Showing posts with label Milky Way. Show all posts
Showing posts with label Milky Way. Show all posts

Tuesday, August 11, 2009

In the beginning.......when?

Wikipedia states that 11th or 13th August 3114 BC, was the date from which the Mayan Long Count calendar started (rectified to the way we presently count time). It's from this date that their now famous cycle began - the one that ends on 21 December 2012.

In the words of The Bard, "aye, there's the rub".

I've gathered that the date in mid-August was selected by Mayan astrologers, astrononmers and calendar constructors due to the position of the Milky Way in the skies over their part of the world at that point on their calendar.
August 13, 3114 BC is as precise and accurate as one can get for a beginning of history: the first Egyptian dynasty is dated to ca 3100 BC; the first 'city,' Uruk, in Mesopotamia, also ca 3100 BC; the Hindu Kali Yuga, 3102 BC; and most interestingly, the division of time into 24 hours of 60 minutes each and each minute into 60 seconds [and the division of the circle into 360 degrees], also around 3100 BC, in Sumeria.
If the beginning of history was so accurately placed, then must not the end of history, December 21, 2012 also be as accurate?
See here.
But that surely refers to the start of some level of human civilisation. The Earth and solar system are estimated to have formed some 4.6 billion years ago. That was "creation" proper.

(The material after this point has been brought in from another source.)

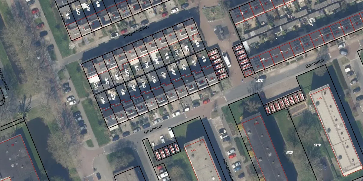 Gebruik de zoekbalk of klik op een perceel voor informatie over de adressen binnen dit perceel.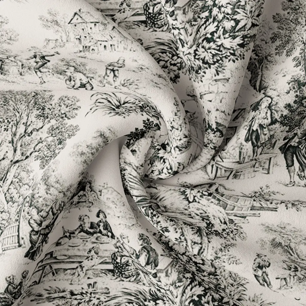 Maison Toile is a timeless French-inspired toile design. Although toile has been around since the 18th century, the two-toned pastoral classic motif can hold its place in modern decor.

If we are talking about the start of history, or civilisation, as a date from which to begin making a count based on the positions and cycles of the stars and planets, any date settled upon is nebulous at best. Why would cycles, based on the position of celestial bodies, start from some arbitrary point when humans had become sufficiently sophisticated to set themselves into some semblance of organisation? Cycles began at the time the Earth and our solar system began. 2012, or any other date calculated from any calendar of any ancient civilisation, simply form a part of their civilisation's myth and legend, nothing more.

I'm a mere lay-person, and have probably either missed the point, or grabbed a hold of the wrong end of the ancient stick. Still, it's something worth considering. Think, also, how much money has been accumulated by authors and TV presentations, and movies, based on this (probable) myth involving 2012.